6. The method of claim 1, wherein said generating and presenting a key content presentation map for characterizing key content of the video based on the key video frames comprises:

acquiring text content associated with the key video frames, wherein the text content is used for describing video content of the corresponding key video frames;

obtaining a display diagram generation template corresponding to the video;

and generating a template based on the display graph, combining the text content with corresponding key video frames, and generating and presenting a key content display graph for representing the key content of the video based on a combination result.

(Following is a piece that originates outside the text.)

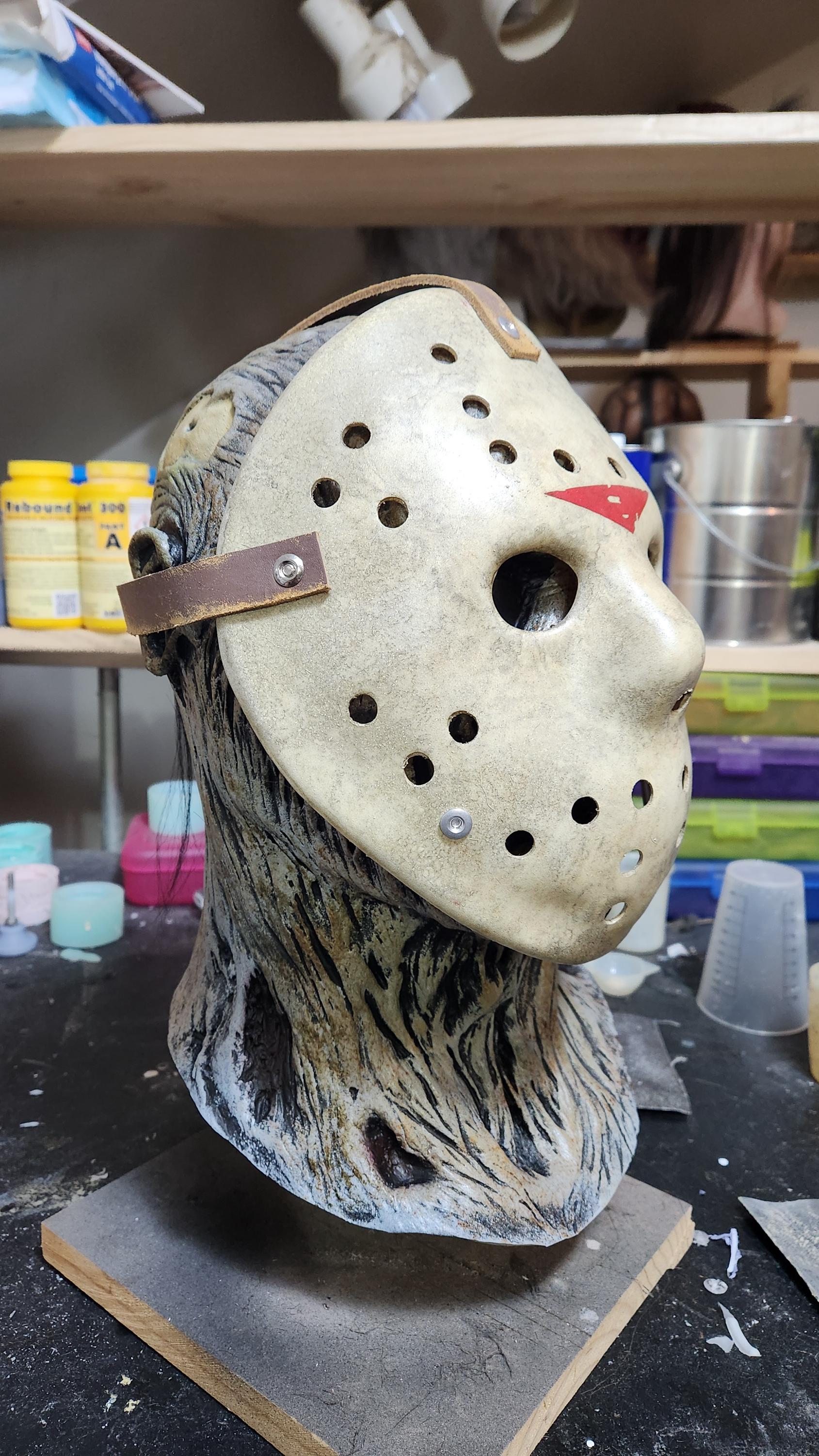 Resurrected Hood + Killer Goalie Mask. The display mask is latex and the hockey mask is a re-hauled Trick or Treat Studios Killer Goalie Mask.. Straps are black elastic and aluminum rivet-style binding post screws.

7. The method of claim 1, wherein the method further comprises:

receiving and presenting a key content display diagram of a shared target video, wherein the key content display diagram of the target video comprises a graphic code corresponding to the target video;

8. An information processing apparatus for video, the apparatus comprising:

the generating module is used for responding to the triggering operation aiming at the generating function item, determining a video highlight grade corresponding to the historical playing speed of each playing time point in the video, and determining a first score corresponding to a video frame of the corresponding playing time point based on the video highlight grade;

determining key video frames from video clips of corresponding key people based on scores corresponding to the video frames of each playing time point, and generating and presenting a key content display graph for representing key content of the video based on the key video frames;

9. An electronic device, characterized in that the electronic device comprises:

a memory for storing executable instructions;

a processor for implementing the information processing method of video according to any one of claims 1 to 7 when executing the executable instructions stored in the memory.

10. A computer-readable storage medium storing executable instructions for implementing an information processing method of a video according to any one of claims 1 to 7 when executed.